A Notice to Owner (NTO) is a written notice that officially informs the owner of a progress that the senders, typically a vendor or contractor not negotiating directly with the owner, is looking to the owner to make sure the senders is paid prior to payment being made to the contractor on the project.
Some state statutes require that a NTO be served on the progress owner no later than forty-five days from the date of initial labor, services rendered, or materials supplied to the project site as a precondition to ensure the sender’s right to lien the property should the sender not being properly paid for work carried out at the property.
These notices provide the owner the chance to confirm that the sender has been paid, usually by acquiring a “release of lien” by the notice sender when a payment is made to the contractor, so that the owner oversees downstream payments and is not later caught off guard with a lien against the property from someone with who the owner doesn’t have a contract.
Face-to-face/verbal notice to owner by the non-private party carrying out the project is NOT an alternative for a written notice to owner.

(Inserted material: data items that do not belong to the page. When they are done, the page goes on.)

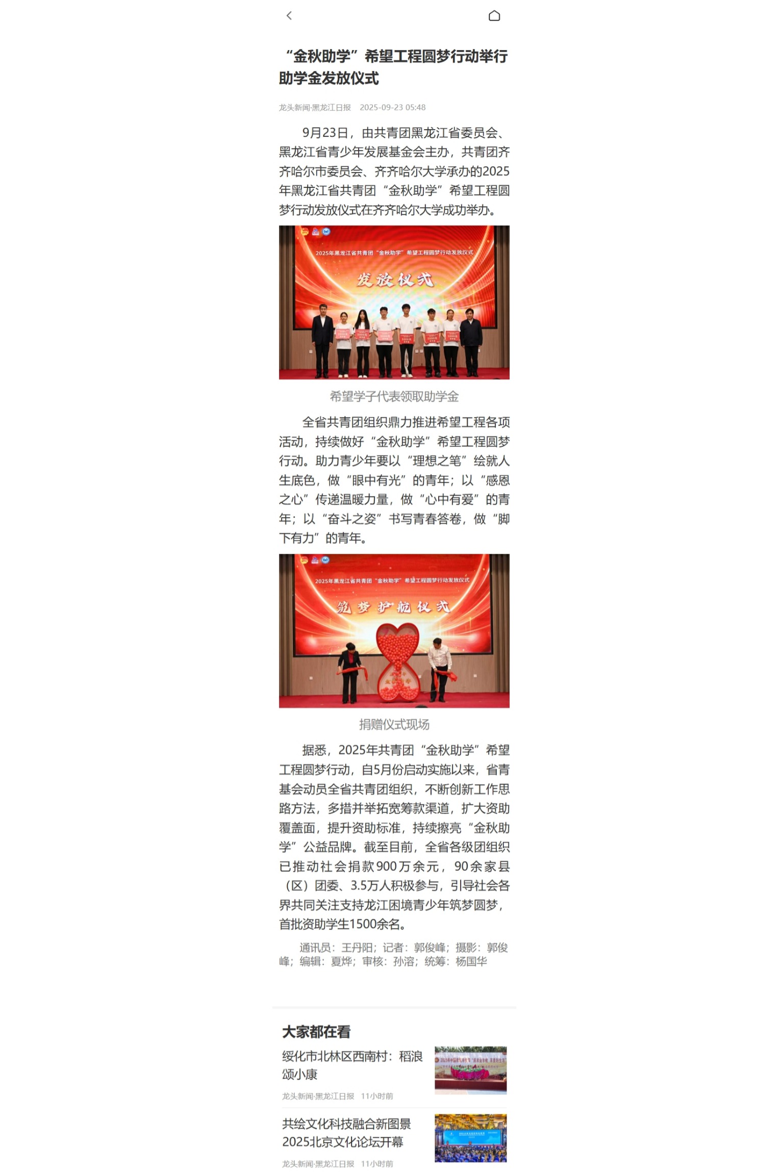上一條:【中國(guó)青年網(wǎng)】黑龍江舉辦“金秋助學(xué)”希望工程圓夢(mèng)行動(dòng)發(fā)放儀式
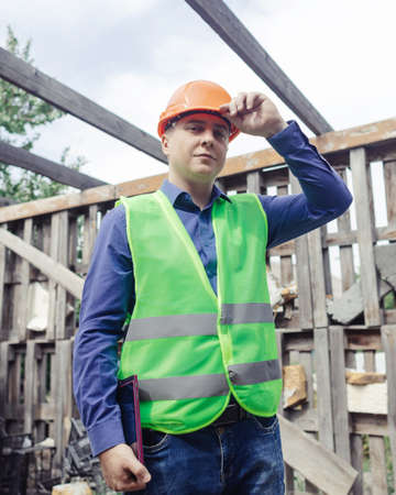 building inspector. Man in a hard hat and a yellow reflective vest examines damaged structures and inspects the building. damage assessment. Preparing for the repair or construction of a building
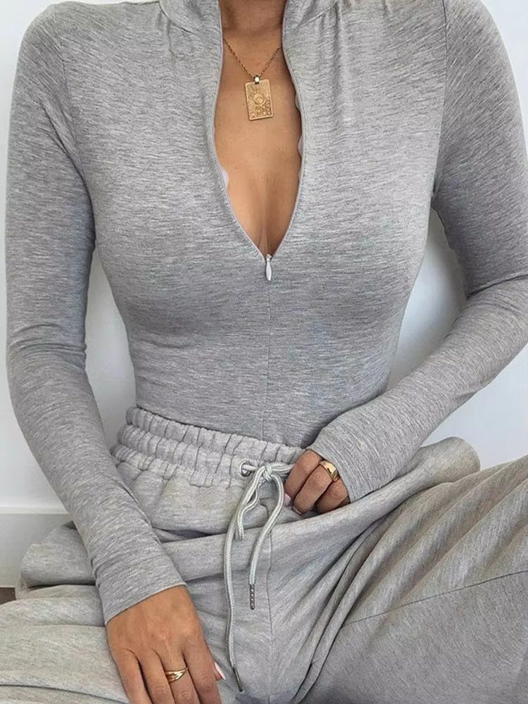 Sculpt Zip Women's Mock Neck Bodycon Bodysuit Long Sleeve Slim Fit Top white l
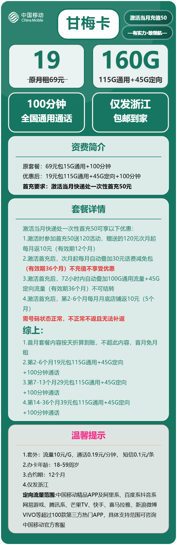 资费:甘梅卡19元包115G通用+45G定向+100分钟

Serving Notices to Owner on each project is just a good business practice. Seen as a simple “price of doing business”, a NTO is going to better revenue by helping to make sure you get your money, create good contact between your business and those securing the payments, and safeguard your right to payment by protecting your right to lien a property if the need come up.
Who Should Serve the NTO?
Any possible lienor that is not negotiating directly with the property owner, like a subcontractor or vendor, is required to serve a notice to owner with three stipulations. A laborer, a professional lienor, and an individual that is working only on subdivision projects does not need to serve a Notice to Owner to ensure the right to lien. All other possible lienors that are not dealing directly with the owner is required to timely serve a Notice to Owner as a preluding step to acquiring lien rights. This notice must be served timely, as a preemptive measure, even where no issue has yet come up, if one wants to be able to later affirm lien rights. If this preluding step is not taken, the right to later affirm a construction lien against the property is lost.
What Does “Served” Mean?
Some state statutes provide specific methods for serving the Notice to Owner. These statutes use the words “serve” and “service,” described as “delivery in a specific way” and provides the below options:
(a) Physical Delivery: By physical delivery to the individual to be served; when an association, to one of the associates; when a business, to a supervisor, director, manager, or business agent; or, if an LLC, to an administrator or manager.
(b) Registered or Certified Mail: By sending the notice by certified or registered mail, with prepaid postage, or by overnight or second-day delivery with confirmation of delivery, which could be via text or email.
(c) Posting at the premises: If the method specified in (a) or (b) cannot be carried out, by posting at the jobsite.
What is a Release of Lien?
A possible lienor is going to be required to give releases on almost all, if not every, project. Generally, a Release of Lien is a discharge of the lienor’s right for liening the property according to the conditions of the release. These releases might be for a particular amount of money, for all lien rights through a particular period, or for both. Comprehending the terms and details inside releases is VERY vital.
Dar Liens Offers Lien Processing and Filing in Arizona
Dar Liens Offers Processing and Filing of the following types of Liens: Pre-Liens, Notices to Owner Medical Liens, Construction Liens, Mechanics Liens, HOA Liens, 20 Day Preliminary Lien Notices, and more.